Herring’s admission came after a meeting with the Virginia legislative black caucus, and before any unfortunate photos were dug up. Herring, who plans on running for governor in 2021, had called for Northam to resign just days earlier.

While blackface was considered unacceptable even three decades ago, today it is a career-ending taboo. Florida Secretary of State Michael Ertel resigned last month after a picture of him dressed as a ‘Hurricane Katrina victim’ – in blackface and drag – appeared online. NBC host Megyn Kelly had her show canceled and was ousted from the network last year, after she suggested that wearing blackface is acceptable as part of a costume.

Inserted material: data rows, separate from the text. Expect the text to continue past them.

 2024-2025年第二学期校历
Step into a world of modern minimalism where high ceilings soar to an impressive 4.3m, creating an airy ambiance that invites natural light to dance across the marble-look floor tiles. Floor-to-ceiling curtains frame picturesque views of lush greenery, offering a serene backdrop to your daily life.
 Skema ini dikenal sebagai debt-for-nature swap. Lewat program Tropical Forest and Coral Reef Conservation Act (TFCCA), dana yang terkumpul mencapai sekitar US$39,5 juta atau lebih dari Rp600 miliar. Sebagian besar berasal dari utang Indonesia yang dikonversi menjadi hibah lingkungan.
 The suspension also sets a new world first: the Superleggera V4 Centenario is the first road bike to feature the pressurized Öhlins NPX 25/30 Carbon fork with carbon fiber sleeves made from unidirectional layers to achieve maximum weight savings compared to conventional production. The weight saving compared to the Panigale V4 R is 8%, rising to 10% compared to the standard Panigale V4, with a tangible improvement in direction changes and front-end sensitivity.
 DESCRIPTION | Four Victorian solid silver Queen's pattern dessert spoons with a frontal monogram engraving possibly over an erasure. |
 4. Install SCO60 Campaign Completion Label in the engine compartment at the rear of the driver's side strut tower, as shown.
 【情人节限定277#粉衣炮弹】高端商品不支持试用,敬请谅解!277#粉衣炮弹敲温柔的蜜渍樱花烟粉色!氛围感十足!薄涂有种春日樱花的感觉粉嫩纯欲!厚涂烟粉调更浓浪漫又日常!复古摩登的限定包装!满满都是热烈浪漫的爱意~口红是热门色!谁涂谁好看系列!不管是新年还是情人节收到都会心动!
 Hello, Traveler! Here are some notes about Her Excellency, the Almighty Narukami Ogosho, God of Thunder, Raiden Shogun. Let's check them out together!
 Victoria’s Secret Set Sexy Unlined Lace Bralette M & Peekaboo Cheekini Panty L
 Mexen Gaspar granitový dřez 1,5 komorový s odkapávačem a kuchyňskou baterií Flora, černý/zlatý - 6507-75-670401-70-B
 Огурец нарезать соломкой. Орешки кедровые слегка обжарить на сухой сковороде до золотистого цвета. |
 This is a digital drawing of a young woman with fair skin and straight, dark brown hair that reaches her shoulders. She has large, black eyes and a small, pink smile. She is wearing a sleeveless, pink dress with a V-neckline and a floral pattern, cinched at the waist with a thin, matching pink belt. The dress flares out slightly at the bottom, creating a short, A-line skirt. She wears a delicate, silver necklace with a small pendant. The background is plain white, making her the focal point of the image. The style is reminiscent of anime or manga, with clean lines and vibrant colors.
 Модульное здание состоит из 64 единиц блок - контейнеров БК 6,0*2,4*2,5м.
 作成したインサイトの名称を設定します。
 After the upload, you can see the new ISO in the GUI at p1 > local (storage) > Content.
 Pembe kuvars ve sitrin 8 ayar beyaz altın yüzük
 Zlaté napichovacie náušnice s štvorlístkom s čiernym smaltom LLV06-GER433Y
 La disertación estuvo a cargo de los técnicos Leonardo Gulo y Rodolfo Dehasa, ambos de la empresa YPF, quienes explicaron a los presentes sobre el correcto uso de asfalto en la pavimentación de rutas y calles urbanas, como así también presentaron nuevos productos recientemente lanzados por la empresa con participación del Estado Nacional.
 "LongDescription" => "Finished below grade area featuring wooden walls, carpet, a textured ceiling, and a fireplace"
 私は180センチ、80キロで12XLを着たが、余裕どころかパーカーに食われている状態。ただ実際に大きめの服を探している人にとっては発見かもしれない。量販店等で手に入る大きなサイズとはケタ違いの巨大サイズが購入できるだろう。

Attitudes towards sexual assault have also hardened in recent years, particularly with the advent of the #MeToo movement. On both issues, Democrats have been some of the loudest voices campaigning for change.

Many House and Senate Democrats, as well as Democratic National Committee Chairman Tom Perez, have all called on Northam to resign, but party leadership has remained mostly silent on the assault claim against Fairfax.

Should all three resign or be forced out by party higher-ups, governorship would be passed to Kirk Cox, speaker of the Virginia House of Delegates – and a Republican.  

Commenters on Twitter ridiculed the week’s events.

Virginia’s legislative branch is having its own troubles. Delegate Dawn Adams (D) admitted to constituents last week that she co-sponsored a controversial late-term abortion bill without ever reading its text.

“I did this in solidarity with my colleague and as a symbolic gesture for a woman’s right to choose,” she said in an explanatory statement.

The bill would allow abortions to be carried out in some cases right up until before the moment of birth, and was endorsed by Northam, who claimed in a recent radio interview that a child delivered after a failed abortion attempt could still be terminated. President Trump referred to Northam’s interview during his State of the Union speech, where he bashed the embattled governor for stating “he would execute a baby after birth.”

That radio interview is what reportedly motivated a medical school classmate of Northam’s to tip the media off about the yearbook photo, triggering the current avalanche of recrimination.